The general abundance patterns we detect in the two CEMP-r and two CEMP-r/s stars in our sample follow those of the other CEMP stars. However, we find both subclasses present on both the high and the low carbon-abundance bands shown in Figure 10. We also find ¹²C/¹³C isotopic ratios in these stars that match what is found both for the CEMP-s stars and for the CEMP-no stars. Larger samples of both CEMP-r and CEMP-r/s stars with available high-resolution, high-S/N spectra are clearly needed to obtain a more secure picture of the likely progenitor(s) of these objects. We have shown that one of the CEMP-r stars and one of the CEMP-r/s stars may be classified as NEMP stars; confirmation of their binary-pollution origin awaits future radial-velocity monitoring.

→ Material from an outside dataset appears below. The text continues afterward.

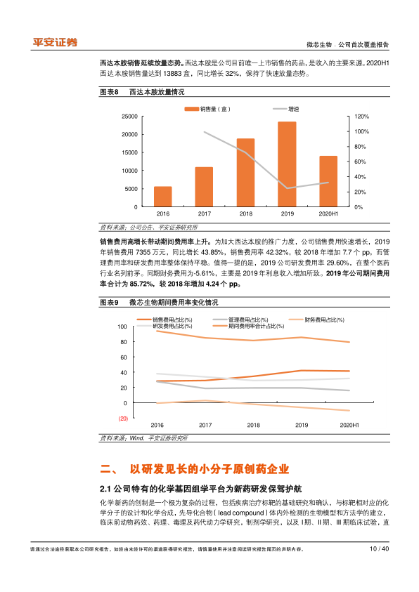 微芯生物的业绩保持快速增长态势。2015-2019年,公司营业收入和归母净利润的复合年均增长率(CAGR)分别达到39.83%和37.84%。2020年上半年,公司实现收入1.11亿元,同比增长35.00%,归母净利润2871万元,同比增长63.97%,在疫情影响下逆势大幅回升。西达本胺作为公司目前唯一上市销售的药品,是收入的主要来源,2020年上半年销售量达到13883盒,同比增长32%,保持了快速放量态势。公司在研发方面投入巨大,2019年研发费用率高达29.60%,在医药行业中名列前茅,显示出其以研发为核心的经营策略。同期销售费用也快速增长,2019年销售费用7355万元,同比增长43.85%,销售费用率达到42.32%,主要用于加大西达本胺的推广力度。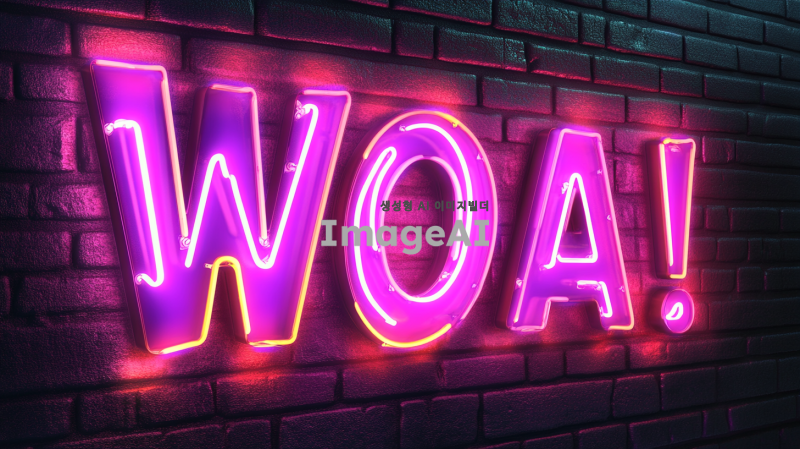 WOW! Damoa AI !! 글귀를 네온사인 스타일로 표현, 어두운 배경 위에 밝고 생동감 있는 네온 컬러 사용, 글자 주변에 은은한 빛 번짐 효과 추가, 현대적이고 세련된 느낌, 도시의 밤을 연상케 하는 분위기, 글자 크기는 큼지막하게, 네온사인의 질감을 사실적으로 표현, 글씨체는 부드럽고 유려한 스타일.

We require still larger samples of the variety of low-metallicity stars presented in this paper to distinguish between the abundance patterns of stars representing the general trends and those that are just peculiar outliers. High-resolution spectroscopic follow-up of several large surveys, such as SkyMapper (Keller et al. 2007, 2014; Jacobson et al. 2015), TOPoS (Caffau et al. 2013), based on stars selected by SDSS/SEGUE (Yanny et al. 2009) (see also Aoki et al. 2013a), the CEMP-star searches from the HK survey, the HES, and the RAVE survey (Steinmetz et al. 2006) described by Placco et al. (2010, 2011, 2013, 2014a, and V. M. Placco et al. 2015, in preparation), and stars selected from LAMOST (Deng et al. 2012; Li et al. 2015), have increased in recent years and need to be expanded further. These surveys will soon provide more examples of CEMP-r and CEMP-r/s stars, for which our current samples are very limited. They will also enlarge the numbers of known CEMP-s and CEMP-no subclasses of carbon-enhanced stars. With detailed and homogeneous analyses of these stars, we can look forward to detecting the elemental abundance signatures that constrain the nature and sites of the nucleosynthesis events that first enriched the Milky Way.